MULLUMBIMBY'S oldest eatery which boasts a colourful 68 year history has had a hip make-over and now even boasts its own signature coffee range.
The Empire Cafe on Burringbar St re-opened its doors last week after new owners - Anu Iris and Heartmut Nauss - spent a hectic week tearing out most of the old fittings, including the booths which could not be salvaged, and exchanged it for a slick modern fit-out.
Two baristas have been hired to work the "Rolls Royce of coffee machines" from Milan of which there are only three in Australia.
Lismore coffee expert Nick Muller has produced a custom 'Empire' blend which is billed as having a "subtle forest flavour with hints of burnt caramel and a smooth chocolate after taste".
Manager Sandy Watson said the long-term plan was to also open at night as a licensed bar and host live music events.
It's a far cry from some of the more down market versions of the eatery which at times has appeared pretty dingy and dated.
The Empire Cafe began trading in 1945 when it was restored as a milk bar next to the lively theatre next door of the same name and became a favourite hangout for local teenagers.
But the site has hosted eateries of some description since 1907 when it opened as The Sydney Oyster Saloon and Refreshment Rooms.

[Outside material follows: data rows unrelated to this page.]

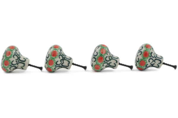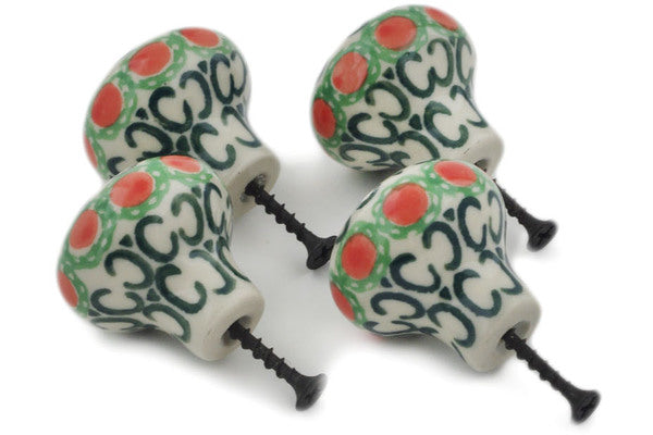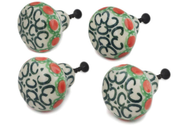 This Polish Pottery 1" Set of 4 Drawer Pull Knobs - Indian Trail is handmade and handpainted by the Ceramika Artystyczna factory in Boleslawiec, Poland.
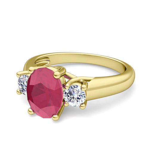 Classic Diamond and Ruby Three Stone Ring in 14k Gold, 7x5mm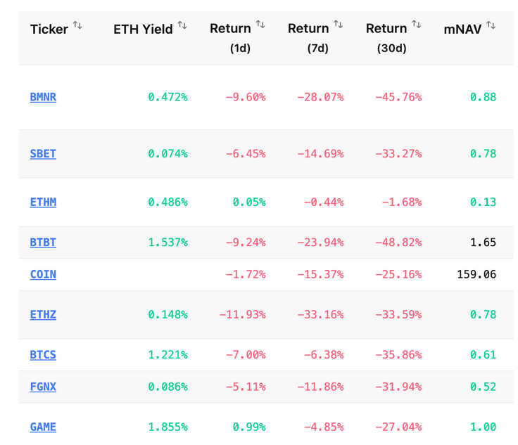 Компании, управляющие казначействами в эфире (Ether treasury companies), сидят в миллионных нереализованных убытках. Давит падающая mNAV, а перспектива ухода ETH…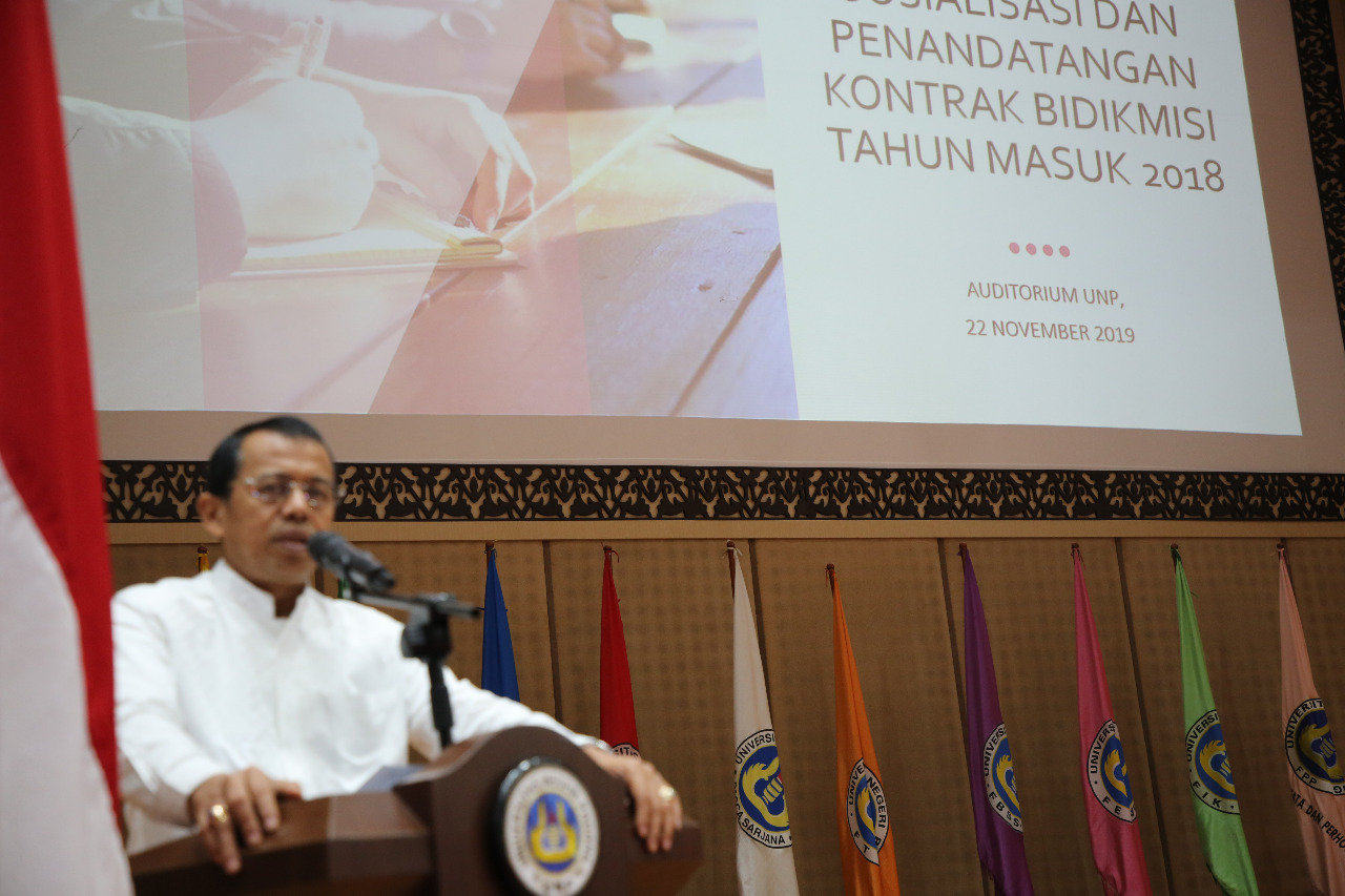 “Supaya mahasiswa UNP mempunyai kesempatan yang sama dengan bangsa lainnya, seperti lapangan kerja di Asia. Maka, universitas mensyaratkan tes Toefel bagi wisudawan UNP,” kata Ganefri dalam sambutanya pada sosialisasi dan penandatanganan kontra bidimisi 2018, Jumat (22/11).

In 1912 when the Simpson's building opened on the site, The Mullumbimby Refreshment Palace was considered very posh with two separate dining rooms including a ladies saloon.
The cafe became a popular community meeting venue during the first world war and was a favourite hangout for military personnel during the second world-war.
While times have changed, The Empire remains popular with local teenagers who pour in after school for milk-shakes and hot chips.
Sandy said he and the owners had a real respect for the cafe's long and colourful history and loved the village atmosphere in the town.
"I've travelled the world. I've been to very few places as charming as this one. It's just a great place to live," Sandy said.
Mullumbimby Chamber of Commerce president Dean Stanford said there had been a positive community response to the historical cafe's revamp.
"No disrespect to the last incarnation, but it's always good to see a business moving forward," Mr Stanford said.